Most decks are grooved or tined to allow water to displace outward or lengthwise out from underneath car tires. NY has switched to longitudinal grooving, since it supposedly works as well and is quieter, but you may be able to find a contractor in your area that can still do transverse grooving.
Grooving a 1/4" or so shouldn't make much difference, but you should probably check the record plans to make sure you'll have enough cover over your rebar after grooving.
"...students of traffic are beginning to realize the false economy of mechanically controlled traffic, and hand work by trained officers will again prevail." - Wm. Phelps Eno, ca. 1928
RE: Scarifying Concrete for drainage
One of the problems I've seen with timber decks, particularly thicker sections, is that rot occurs through the center of the member, appearing to leave the exterior intact.

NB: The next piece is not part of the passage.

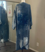A draped sea of deep indigo and silvery mist, this velvet duster flows like ocean fog over moonlit rocks. This piece is hand-dyed to evoke a sense of worn in magic; earthy, mysterious, and soft to the touch. Wear duster with the Velvet or reversible silk side out. Designed for slow mornings, sacred rituals, or slipping into your most cinematic self.
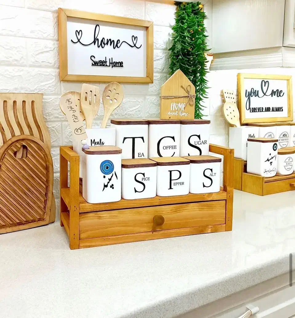 استند چوبی مناسب برای ادویه و ظروف و وسایل اشپزخانه نو هست کشو داره برای دستگیره و کفگیر ملاقه

That, of course, was not on applications like yours, but does show that timber can deteriorate in different ways.
For your application, you might consider an asphalt coating on the bottom of the timber materials, if you have no other choice and cannot otherwise isolate the timber from the concrete. Keep the kerfs with the kerf bottom sloped to drain.
RE: Scarifying Concrete for drainage
In any case, I think scarifying the deck with a slight slope in addition to using an ashpalt coating on the timber is a decent approach.
I also wonder if using a drainage panel, such as is done with exterior plaza or green roofs might help keep moisture away from the decking. Any thoughts on this approach?
RE: Scarifying Concrete for drainage
It doesn't rot alot and it you get the recycled kind someone may be able to clame it for points towards some enviromental do-good award.
RE: Scarifying Concrete for drainage
The concern would be the type and amount of occasional traffic from vehicles, this type of decking is only 1-1/4" or something similar off the top of my head...
RE: Scarifying Concrete for drainage
Not knowing what the geometry is, couldn't you just build a timber deck from the beginning? Are you worried about tracked vehicles beating it up? You could build your deck, then ledger-lok 3" plank to it for the duration of construction, then remove the plank. Think wetland mats for heavy equipment access.
RE: Scarifying Concrete for drainage
RE: Scarifying Concrete for drainage
I have considered a composite or FRP decking, perhaps even a two-layer deck where the lower layer is the FRP and the upper layer is a heavy timber (timber was a specification from the owner).
Any vehicles on the bridge after the initial construction phase would be an occasional maitenance vehicle or emergency vehicle. For that reason, I am not totally concerned with them damaging the decking with traffic.
VTEIT, that is a great point, thank you for your tip.